Sahabat tahu, setelah saya pahami, ternyata karena niat kami yang ingin belajar dan tidak memikirkan status akan sekolah tesebut, kami hanya butuh belajar, belajar dan belajar. Ternyata status itu akan tidak berlaku setelah prestasi berada di depan kita, justru statuslah yang akan mengekor setelah prestasi di ukir.
Sahabatku yang masih di rundung masalah, di rundung ketidaktenangan jiwa, keresahan hati, kebimbangan keputusan. Jangan putus asa, jangan takut mengambil sikap.
Sahabatku yang membaca tulisan ini, bukan maksudku menahan jiwa sahabat untuk terus berada di posisi saat ini, namun pikirkanlah, jika itu lebih baik, lakukanlah. Jika itu sesuai dengan keinginan hati kerjakanlah. Jika tidak sesuai dengan keinginan hati buat apa di tahan-tahan, carilah yang sahabat cari. Masing-masing jiwa memiliki keinginan dan pemikiran yang berbeda, itu karunia Allah, jangan di pungkiri.
Tidak ada perjumpaan tanpa perpisahan, yah itu memang pepatah kuno dan basi, namun tidaklah salah jika masih kita pakai sampai saat ini. Jika kita tidak berpisah sekarang, suatu saat lambat laun pasti itu akan tejadi.
Sahabatku, aku masih ingat puisi dari sahabat karibku.
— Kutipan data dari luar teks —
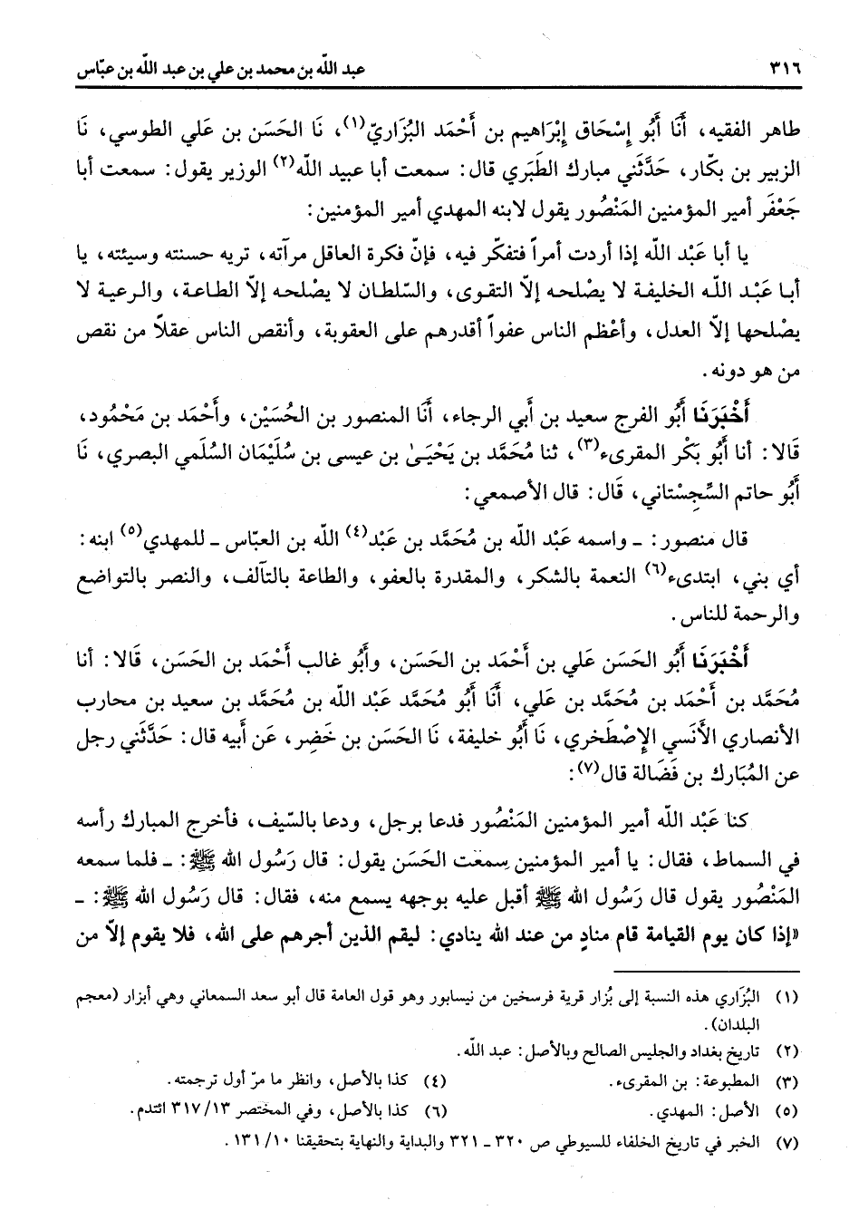 طاهر الفقيه أنا أبو إسحاق إبراهيم بن احمد البزاري (1) نا الحسن بن علي الطوسي نا الزبير بن بكار حدثني مبارك الطبري قال سمعت ابا عبيد (2) الله الوزير يقول سمعت أبا جعفر أمير المؤمنين المنصور يقول لابنه أمير المؤمنين يا أبا عبد الله إذا اردت أمرا فتفكر فيه فان فكرة العاقل مرآته تريه حسنته وسيئته يا أبا عبد الله الخليفة لا يصلحه إلا التقوى والسلطان لا يصلحه إلا الطاعة والرعية لا يصلحها إلا العدل واعظم الناس عفوا اقدرهم على العقوبة وانقص الناس عقلا من نقص من هو دونه أخبرنا أبو الفرج سعيد بن أبي الرجاء أنا المنصور بن الحسين واحمد بن محمود قالا أنا أبو بكر المقرئ (3) ثنا محمد بن يحيى بن عيسى بن سليمان السلمي البصري نا أبو حاتم السجستاني قال قال الأصمعي قال منصور واسمه عبد الله بن محمد بن عبد (4) الله العباس للمهدي (5) ابنه أي بني ابتدئ (6) النعمة بالشكر والمقدرة بالعفو والطاعة بالتألف والنصر بالتواضع والرحمة للناس أخبرنا أبو الحسن علي بن احمد بن الحسن وأبو غالب احمد بن الحسن قالا أنا محمد بن احمد بن محمد بن علي أنا أبو محمد عبد الله بن محمد بن سعيد بن محارب الأنصاري الانسي الاصطخري نا أبو خليفة نا الحسن بن خضر عن أبيه قال حدثني رجل عن المبارك بن فضالة قال (7) كنا عبد الله أمير المؤمنين المنصور فدعا برجل ودعا بالسيف فأخرج المبارك رأسه في السماط فقال يا أمير المؤمنين سمعت الحسن يقول قال رسول الله (صلى الله عليه وسلم) فلما سمعه المنصور يقول قال رسول الله (صلى الله عليه وسلم) اقبل عليه بوجهه يسمع منه فقال قال رسول الله (صلى الله عليه وسلم) إذا كان يوم القيامة قام مناد من عند الله ينادي ليقم الذين اجرهم على الله فلا يقوم إلا من

Walaupun ada sedikit perubahan, namun mungkin bisa jadi renungan.

Sahabatku….
Jika engkau sudah tidak betah berada di tempatmu saat ini
Lihatlah pekerjaanmu, mungkin bisa menyenangkan, buat apa kamu resahkan.
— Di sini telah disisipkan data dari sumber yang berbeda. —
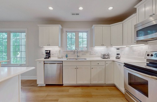 Nestled in gated St. James Plantation, NC, Fairway Pines, newly renovated with modern upgrades and under new ownership, overlooks Founders Club Fairway #3, where chirping birds and whispering pine trees weave a peaceful retreat. Just 15 minutes from Oak Island’s beaches, this non-smoking, pet-free haven sleeps 8, blending rural charm with modern elegance.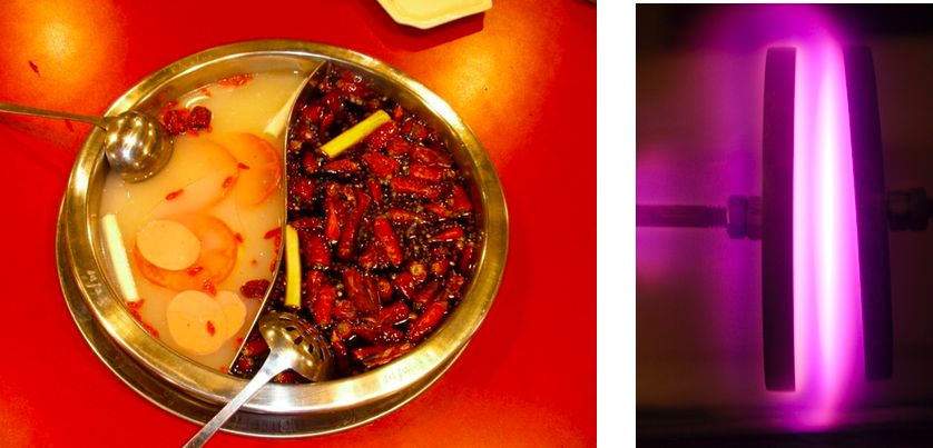 若一个体系虽然其整体上不是处于热平衡态,自然用单一温度参数描述是不恰当的,但组成它的子系统却是各自近似地处于平衡态,则对这样的体系可以针对子系统定义出一组温度来表征其热力学特性。平衡态的等离子体,如果不是太严格的话,还有鸳鸯火锅 (图8),就是这样的热力学体系。对平衡态等离子体,可以根据离子能量分布和电子能量分布分别定义离子温度和电子温度。如果也用Kelvin温标的话,一般气体的离子温度,近似地可看作是主导等离子体同环境交换热量的参数,并不比室温高多少。但是,电子温度要高得多,一般在105K以上,这样的等离子体被称为non-thermal plasma;若是等离子体内电子和离子是处于热平衡 的,则是thermal-plasma。Non-thermal plasma 有人将之翻译为非热等离子体,有人则随手使用低温等离子体这个译名。利用激光等更具选择性的离化工具可以使得气体中中性原子和离子的温度保持很低,比如维持在1K温度的水平,这样的等离子体被称为cold plasma 或ultra-cold plasma.

Namun jika dari pekerjaanmu pun sudah tidak menyenangkan,
Mungkin masih ada di sudut lain yang memberi warna, mungkin suasananya yang akrab sehingga engkau masih betah.
Tapi jika itu pun juga tidak mengobati, mungkin masih ada lagi, coba engkau lihat orang-orangnya, mungkin antik, menarik, bahkan mungkin unik.
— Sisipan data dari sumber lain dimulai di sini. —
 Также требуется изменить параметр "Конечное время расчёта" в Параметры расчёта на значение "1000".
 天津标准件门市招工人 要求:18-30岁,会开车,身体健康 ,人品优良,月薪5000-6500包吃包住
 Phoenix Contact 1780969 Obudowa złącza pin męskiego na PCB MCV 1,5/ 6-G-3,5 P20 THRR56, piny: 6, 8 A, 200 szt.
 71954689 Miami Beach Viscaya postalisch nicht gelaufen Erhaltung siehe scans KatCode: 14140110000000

Tapi jika hal tersebut sudah tidak mendukung lagi, tempat yang tidak betah, pekerjaan yang membosankan, suasana yang tidak menyenangkan serta orang-orang yang menyebalkan, mungkin masih ada lagi yang terlewat olehmu.
Mungkin gedungnya yang megah dan indah, engkau masih bisa memandangnya saat engkau pulang dari rutinitas mu yang mungkin memberikan suasana lain, jika itupun juga tidak mempan, masih ada burung di sekitarnya, langit, awan, tanah, rumput, bahkan mungkin suasana pulang pergi engkau yang mungkin memberi kesan.
Jika semua itu sudah engkau lakukan, sudah muak dengan semua itu, sudah tidak mampu, buat apa engkau masih bertahan di situ, apalagi yang engkau cari, sekarang pergilah, pergilah, carilah apa yang engkau cari, wujudkan apa keinginanmu. Jangan lagi engkau tunda, pergilah sahabat….mudah-mudahan itu jalan terbaik.
Yakinlah dengan kemantapan hatimu, yakilah dengan janji Allah, yakinlah dengan hatimu sendiri. Engkau bahagia kamipun akan ikut bahagia.
Semoga Allah merahmati setiap langkahmu menuju keridhaannya.